Other than Watkins’ pair of outings, the only Orioles rookie who has impressed in any sense of the word has been Bruce Zimmermann, and it’s not like we are talking about Rookie of the Year type numbers here. As a starter, the local lefty has a 5.17 ERA, 4.47 xFIP, and 0.4 fWAR over 11 starts this season. He also turned in a 5.2-inning appearance out of the bullpen on May 16 against the Yankees in which he gave up just one run while striking out six.

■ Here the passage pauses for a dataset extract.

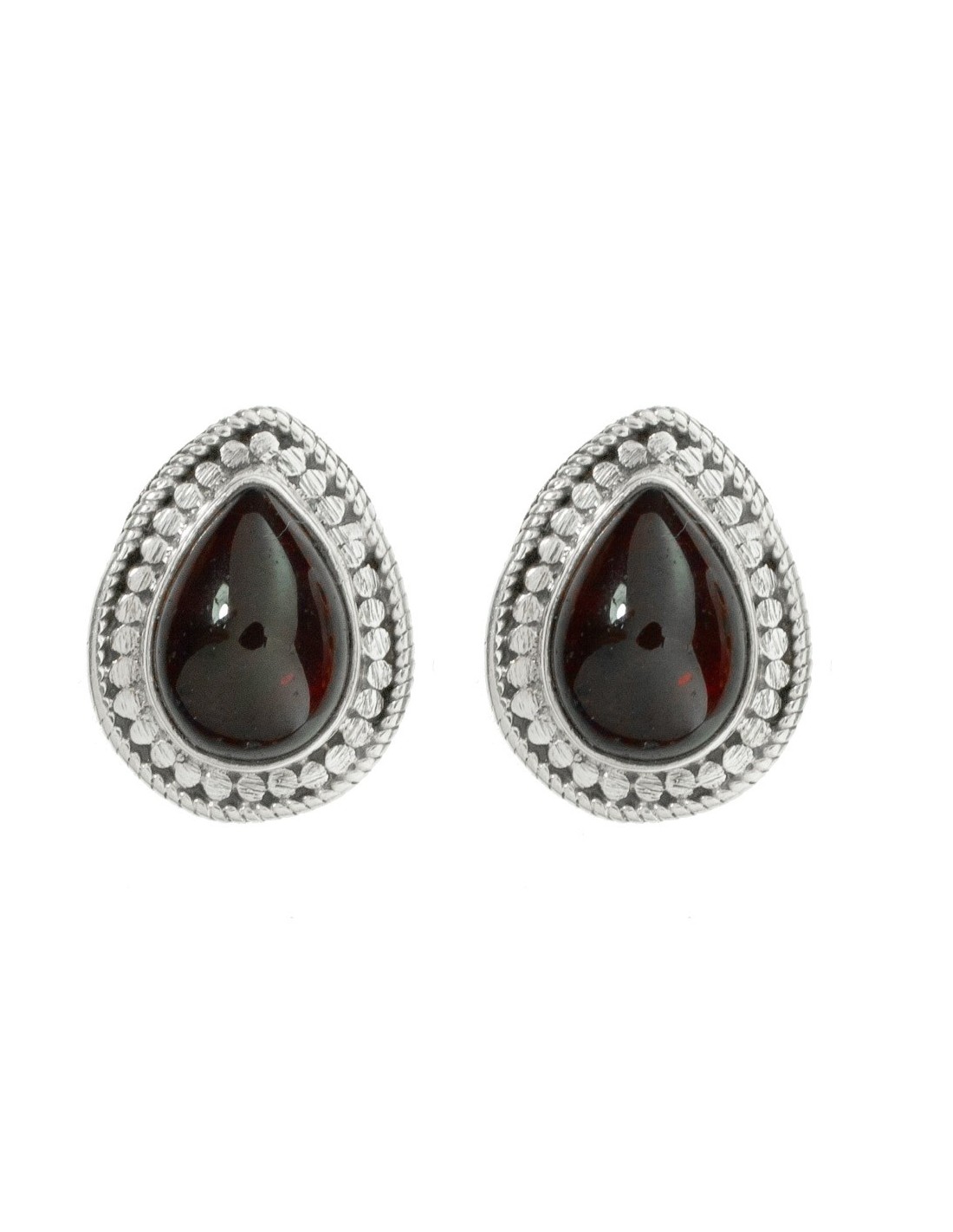Pendientes gota de granate con base punteada fabricados en Plata de 1ª Ley 925.

Zimmermann’s stats are fine. On most teams, they are probably good enough to make him a fifth starter or maybe a spot starter that regularly makes multi-inning appearances out of the bullpen. For the Orioles, he has been their second-best starter this season. But a bicep injury has kept him on the shelf since mid-June, which has left more innings for his fellow rookies to take on.

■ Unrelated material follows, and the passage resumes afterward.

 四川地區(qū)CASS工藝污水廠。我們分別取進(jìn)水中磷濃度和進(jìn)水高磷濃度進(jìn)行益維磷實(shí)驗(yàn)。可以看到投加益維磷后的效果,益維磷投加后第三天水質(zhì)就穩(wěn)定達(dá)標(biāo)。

Back in spring training, Dean Kremer and Keegan Akin looked like favored candidates to earn a rotation spot heading into the regular season. As mentioned at the top, it’s not like the Orioles had many alternative options in camp. Beyond Means, it was a bunch of over-the-hill veterans (Harvey, Félix Hernández, Wade LeBlanc) looking for one more day in the sun, and then that batch of rookies.

It didn’t work out that way. Akin was poor in nine spring innings and got himself optioned to Norfolk at the end of March. Kremer wasn’t much better down in Sarasota, but showed enough promise to earn a back-end spot. Since then, both of them have been promoted and demoted a couple of times, and the results at all levels have been bad.

Kremer owns a 7.25 ERA over 49.2 innings pitched in the big leagues this season. Known as a strikeout artist during his climb up the minor league level, the big righty is striking out just 8.15 batters per nine while walking half that many in the majors. Home runs have also been a killer; he’s served up 14 already. His Triple-A numbers are just as bad: 7.20 ERA in 25 innings, although he has seen his strikeouts rebound to 12.24 per nine innings.

It’s a similar story for Akin. The Orioles have used him out of the bullpen a bit, and he has made just one Triple-A appearance, but the statistics don’t look great no matter how you slice it. His MLB ERA is 8.19 over 48.1 total innings. O’s manager Brandon Hyde was particularly critical of Akin earlier this week following a poor start, commenting that pitch selection was “poor” and Akin failed to “miss many barrels.”

The Orioles have dug even deeper into the prospect pool following the struggles of Akin and Kremer. They have recalled Zac Lowther and Alexander Wells a couple of times each. Both pitchers were in Double-A back in 2019, so this season has represented their debuts in not only the big leagues but also Triple-A. Neither has been particularly impressive, although Wells has been better than the struggling Lowther.

At a certain point, a team has to pump the brakes on promoting somewhat intriguing talent and simply stop the bleeding. That’s why Watkins is currently in the rotation. It’s why Thomas Eshelman is sticking around. The Orioles don’t view them as long-term solutions, but they can eat innings while some of the younger guys figure out whatever it is that has constantly plagued them.

To put a somewhat positive spin on things, it should be said that while it would be nice if one or two of Kremer, Akin, Lowther, or Wells turned into viable long-term rotation candidates, it was likely never the expected outcome. Kremer has the best chance of the bunch given his pitch arsenal, but it’s not as if he was some can’t-miss prospect that was viewed as a top-of-the-rotation talent. He lives on command, something that has gone missing this season. Hopefully he finds it again.

Fortunately, they all have more time to sort things out. They will get more chances, and there are some peripheral numbers on each of them that suggest there is room for improvement without the need to drastically change what they are doing. But expectations should be appropriately tempered.

The future hopes of a star-studded rotation remain on the backs of Grayson Rodriguez and DL Hall. They are the two that the industry regards as upper-echelon arms with all-star upside. If both of them falter in 2022 and beyond, then we can panic.